In short, dynamic programming is a way of using cached information to optimize choice in a recursive problem. By eliminating the non-optimal choices, it reduces the complexity (possibly exponentially). It's actually a bit of an understated concept, since a lot of problems can naturally be expressed with recursion. A lot of the problems are also generally not feasible without it. Obviously the larger the problem, the larger the run-time improvement.
The specific problem has to do with optimally traversing a graph. Since the problem was simple enough, I ended up writing the solution in yasm (amd64) assembly.
"Find the maximum total from top to bottom in triangle.txt, a 15K text file containing a triangle with one-hundred rows."

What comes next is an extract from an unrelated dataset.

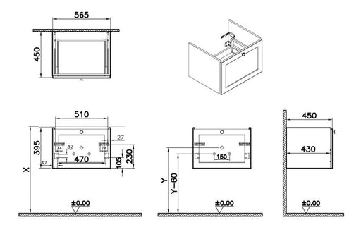 Enhance your bathroom with the VitrA Root Flat 60cm 1 Drawer Washbasin Unit in Cordoba. Compact yet stylish, this wall-hung unit provides practical...

So, a valid move on the graph follows a directed edge to the left or right child. An exhaustive search is $\Theta(n2^{n-1})$ with respect to height ($n$ nodes per path, $2^{n-1}$ paths). It's estimated there are $10^{80}$ atoms in the known universe. So given only a few hundred rows, the number of distinct traversals possible is roughly equivalent to the number of atoms in all of known existence.
Obviously, a pointer based tree structure implies the complexity, since it implies an exhaustive search. However, there are more ways than one to represent a tree. One possible representation to avoid the complexity is the same layout that's used for heaps (Eytzinger).
Finally, the dynamic programming step is comparing each of the possible traversals, and caching the optimal one as if it had been taken...
segment .data a dq \ 0, \ 59, \ 73, 41, \.
.
.
l equ 100
segment .bss
segment .text
global _start
_start:
xor rsi, rsi
mov rdi, 1
mov rdx, 1
level:
inc rdx
cmp rdx, l
cmovg rax, [a + rsi*8]
jg max
mov rcx, rdx
mov rbx, rcx
shl rbx, 3
inc rsi
inc rdi
mov rax, [a + rsi*8]
add [a + rdi*8], rax
mov rax, [a + rsi*8 + rbx - 16]
add [a + rdi*8 + rbx - 8], rax
dec rcx
inc rdi
next:
dec rcx
jz level
mov rax, [a + rsi*8]
inc rsi
cmp rax, [a + rsi*8]
cmovl rax, [a + rsi*8]
add [a + rdi*8], rax
inc rdi
jmp next
max:
dec rdx
jz _end
inc rsi
cmp rax, [a + rsi*8]
cmovl rax, [a + rsi*8]
jmp max
_end:
xor rdi, rdi
mov rax, 60
syscall
With dynamic programming, run-time becomes $2n^2 - 4n - 4$ or $O(n^2)$ (the math is left as an exercise).
And final execution time is...
real 0m0.001s
user 0m0.000s
sys 0m0.000s
So, other than what would probably be an extremely large scale solution taking the intuitive approach, the problem is essentially infeasible. Using dynamic programming, the problem can be solved in under a millisecond.